Updates in Borderline Personality Disorder: Your Questions Answered

Borderline Personality Disorder acronym
Borderline Personality Disorder acronym
Borderline personality disorder, a disorder that is often misunderstood by the general public, also raises questions for psychiatrists.

The following article is part of conference coverage from US Psych Congress 2018 in Orlando, Florida. Psychiatry Advisor’s staff will be reporting breaking news associated with research conducted by leading experts in psychiatry. Check back for the latest news from US Psych Congress 2018.

ORLANDO, FL — Borderline personality disorder, a disorder that is often misunderstood by the general public,1 also raises questions for psychiatrists. Some of these questions include: What is the best way to narrow down who should be assessed for borderline personality disorder? Should I tell my patients their diagnosis, or will it scare them away from returning to therapy? How realistic is their potential for recovery? What is the best course for treatment, especially regarding pharmacotherapy? 

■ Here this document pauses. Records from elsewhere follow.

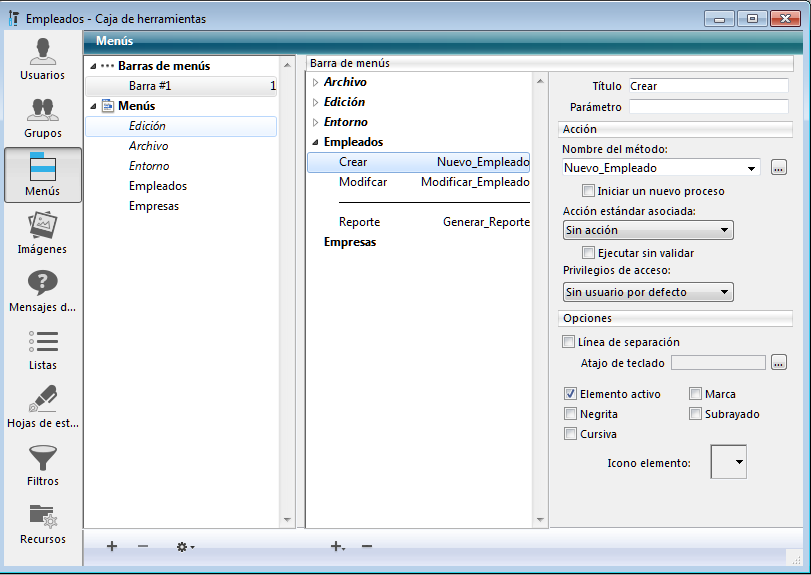 La barra de menús fue creada en el entorno Diseño, utilizando el editor de menús.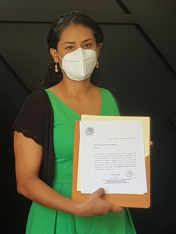 “Por primera vez en el país se impulsa la defensa gratuita de los derechos político-electorales de los pueblos indígenas, mujeres y grupos minoritarios vulnerables, salvaguardando la perspectiva de género” asegura Irina Graciela Cervantes Bravo, magistrada presidenta del Tribunal Estatal Electoral de Nayarit, TEEN.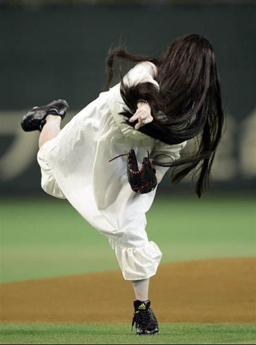 贞子以嘉宾身份出现在东京巨蛋棒球赛。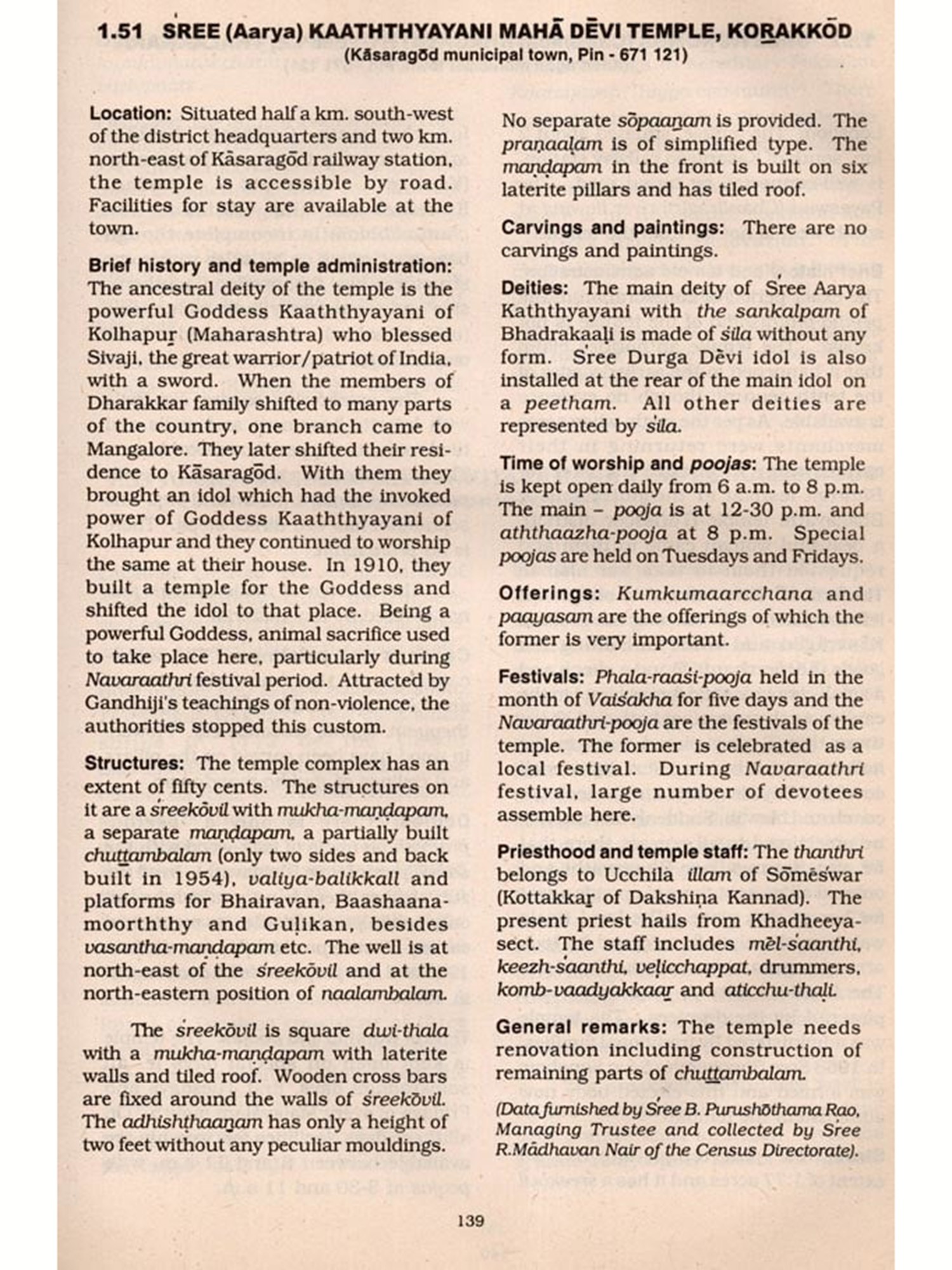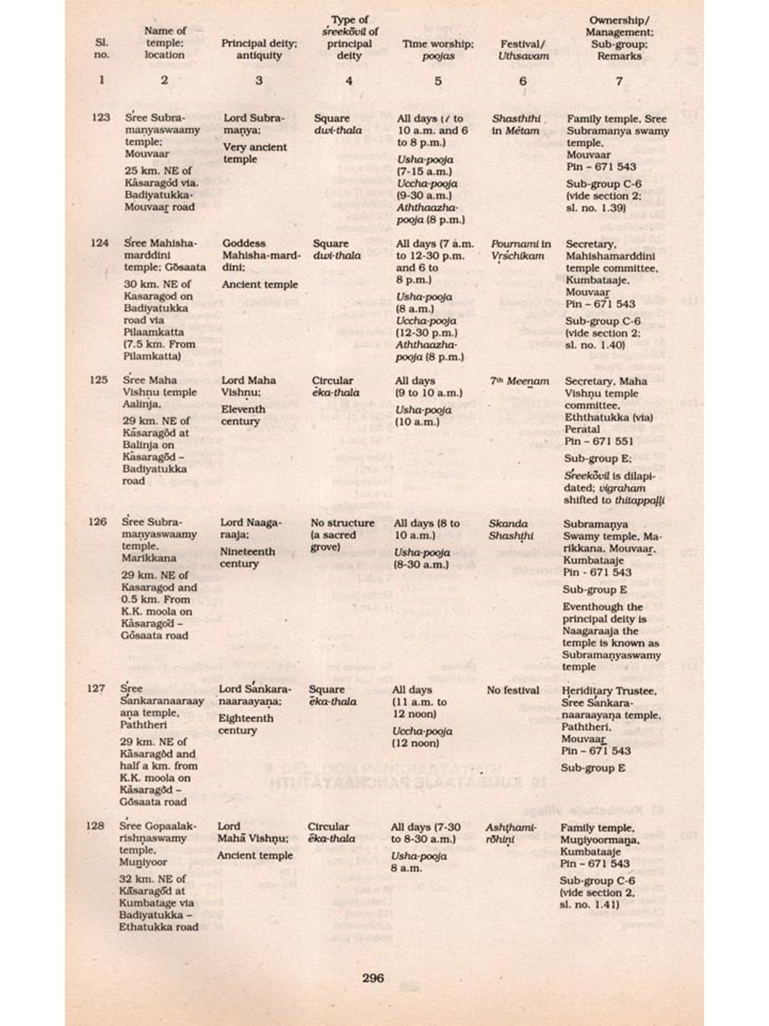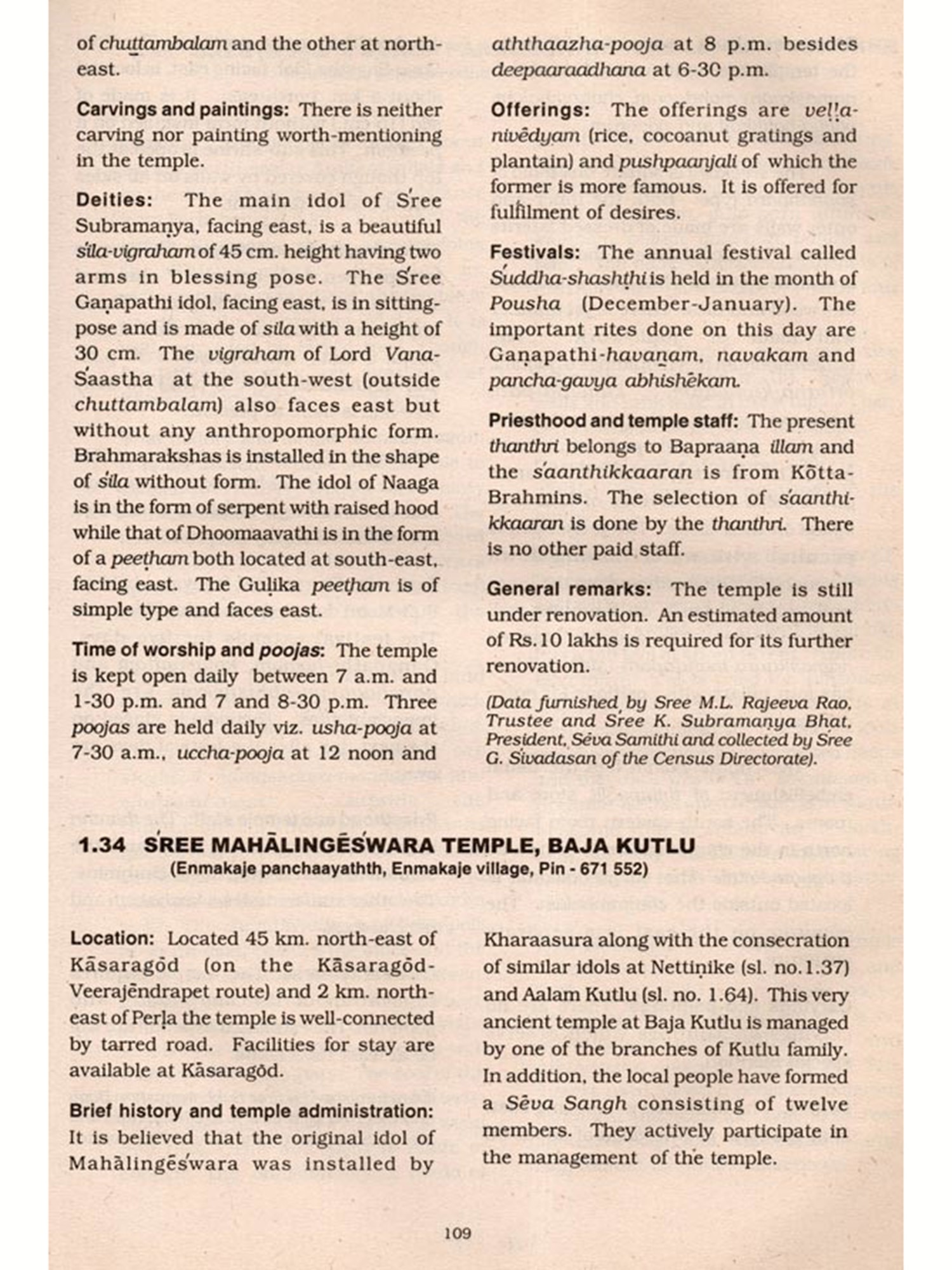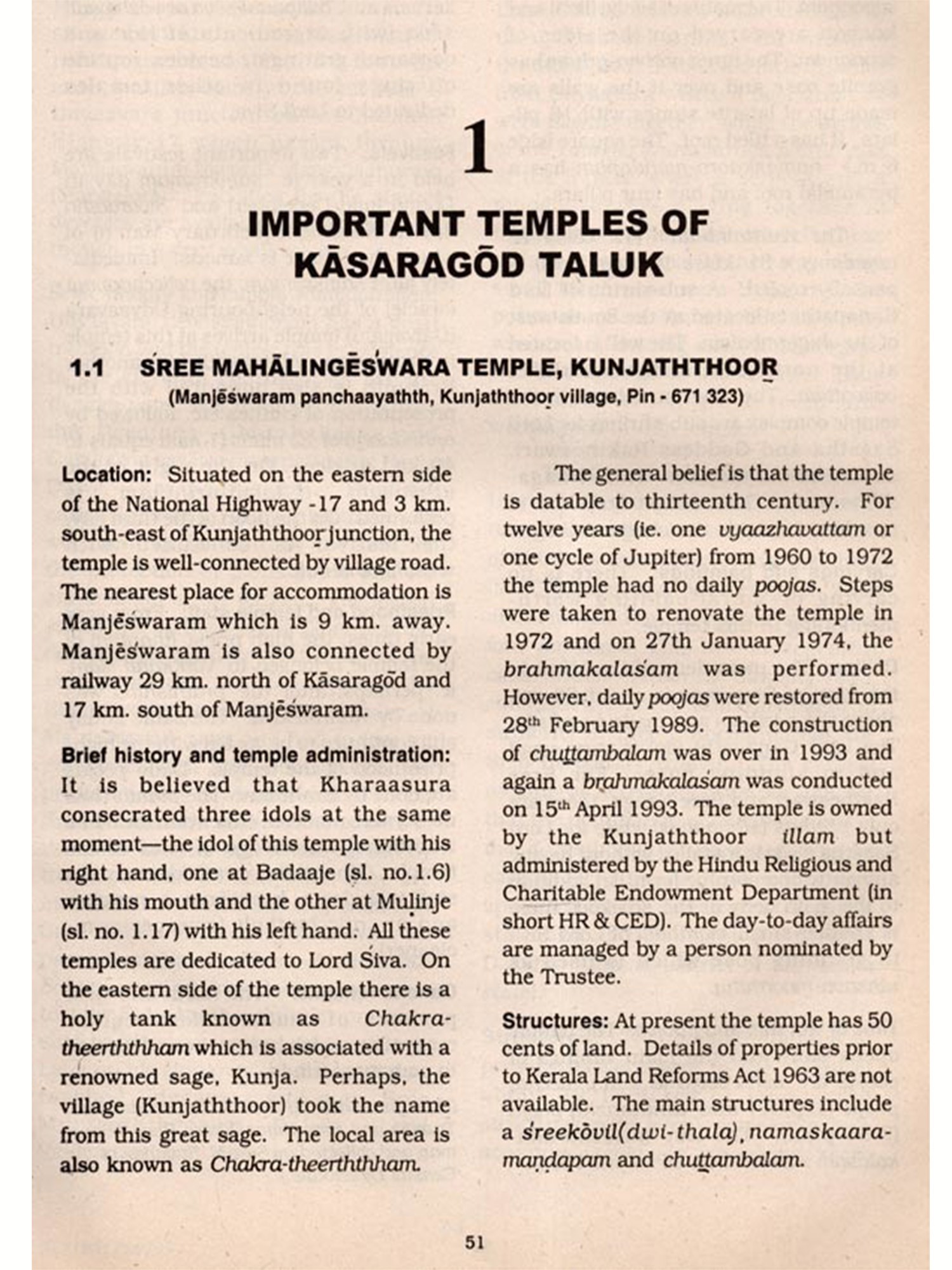 The data thus collected through the field survey is published in this volume. The earlier proposed title of the volume, etc.. Temple Directory (mentioned in the earlier monograph), had to be changed consequent on the introduction of a section dealing with the general background of temples of the district. Thus this volume has three sections iz. Section 1: General Background. Section 2: Sallent features on important temples and Section 3. Temple Directory (which covers list of temples in Kasaragod district falling in panchaayathths and statutory bodies).

In his presentation at US Psych Congress 2018, Mark Zimmerman, MD, from Brown University, Providence, Rhode Island, discusses his research on these questions and advises psychiatrists on how to best handle these scenarios. 

Question 1: Who Should Be Assessed for Borderline Personality Disorder?

Screening is recommended in the following conditions:2

  • Bipolar disorder
  • Post-traumatic stress disorder (PTSD)
  • Major depressive disorder
  • Panic disorder 

Screening is not recommended in:

  • Dysthymic disorder
  • Generalized anxiety disorder 
  • Adjustment disorder

However, Dr Zimmerman delved deeper into the question of screening and diagnosis: Can “gate criteria,” or criteria with high sensitivity and high negative predictive value, be used to determine who should be screened for borderline personality disorder?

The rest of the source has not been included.